Однако Кондрат знал, что московское правительство возглавляется сейчас энергичным, умным царем Петром. Кондрат видел его под Азовом, видел, как Петр, огромный и суровый, засучив рукава, помогал солдатам разгружать корабли, как потом, под огнем турецких пушек, хладнокровно распоряжался боем, не выпуская изо рта трубки.
Петр не чета прежним слабовольным боярским царям, его вокруг пальца не обведешь. Кто знает, что он предпримет, узнав о нападении на сыскной отряд? Дело может иметь самые непредвиденные дурные последствия…
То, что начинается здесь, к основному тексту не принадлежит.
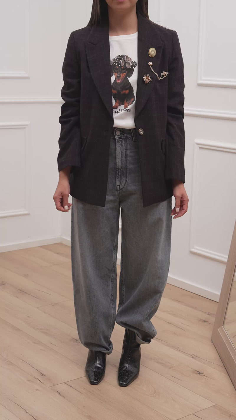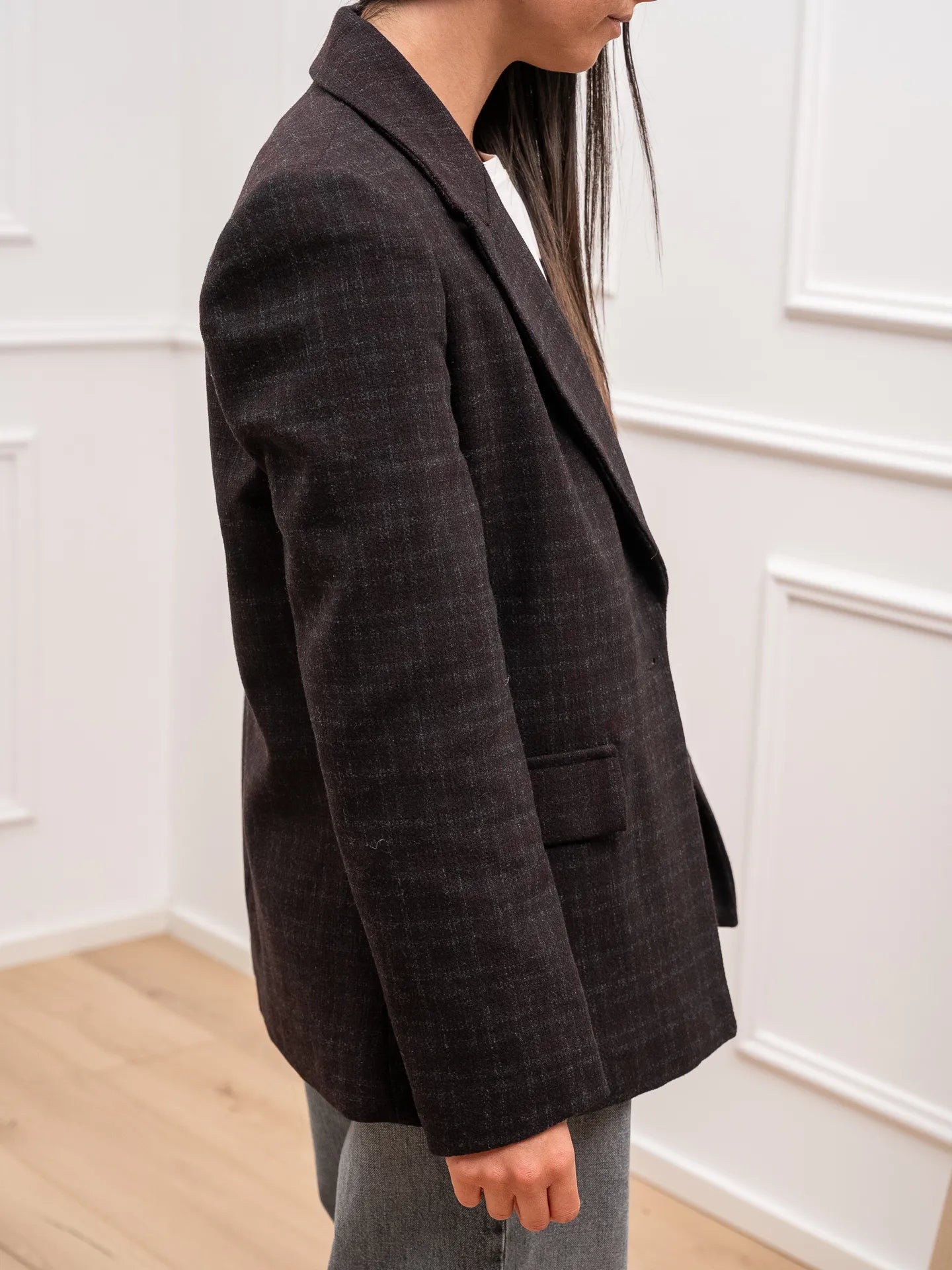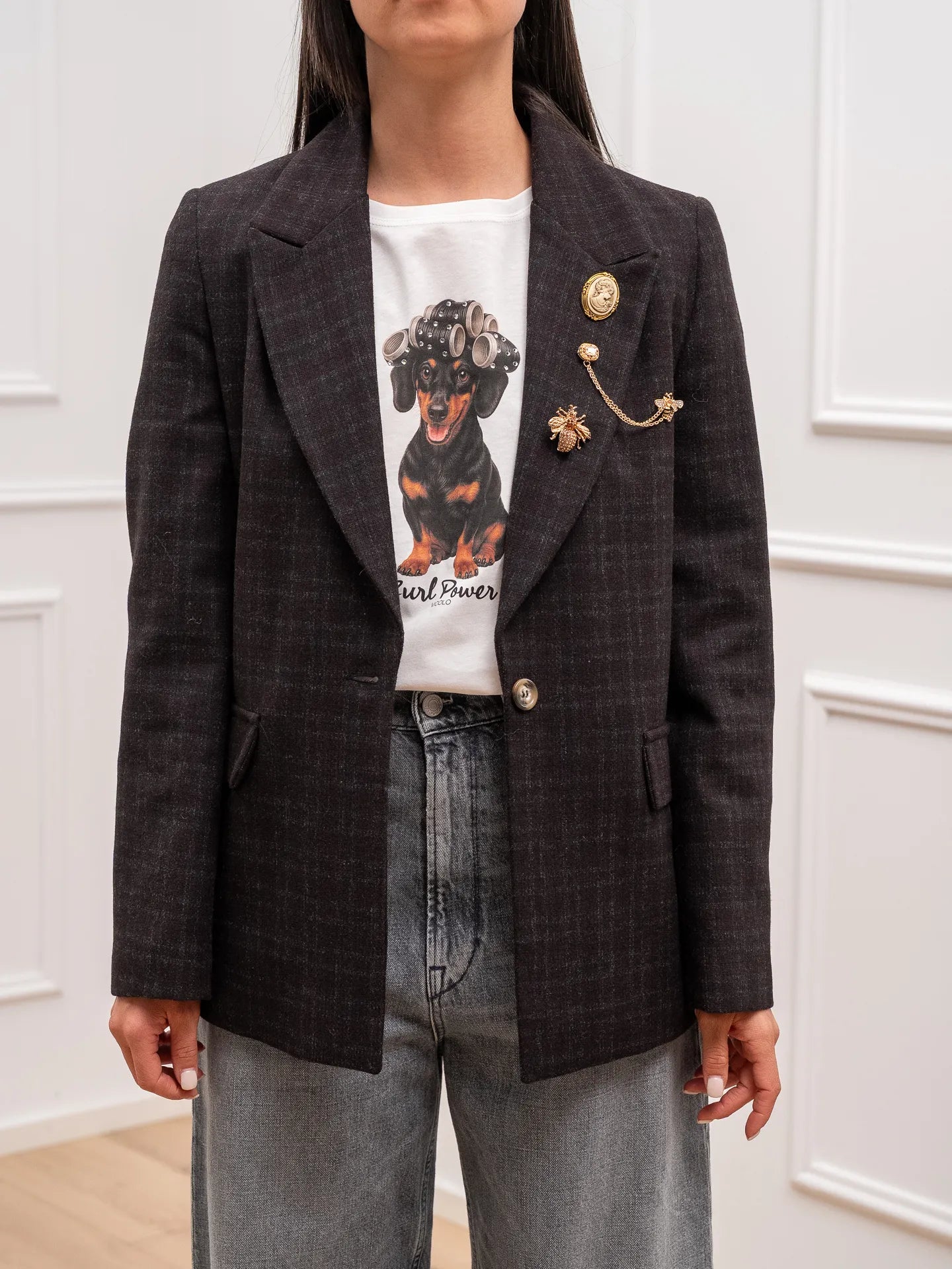 Giacca cappotto check sui toni del vino e nero Vicolo. Modello collo revers e chiusura doppiopetto. Dettaglio di spilla gioiello rimovibile. Tasche con patta frontali.

Кондрат сознавал это и все же от принятого решения отказываться не собирался. Отстаивая долгие годы права донского казачества на бахмутские промыслы и угодья, Кондрат сдружился с верховым и голутвенным людом, составлявшим самую верную его опору. Разве мог он оставаться безучастным к сыскным неистовствам, которым подвергались сейчас голутвенные?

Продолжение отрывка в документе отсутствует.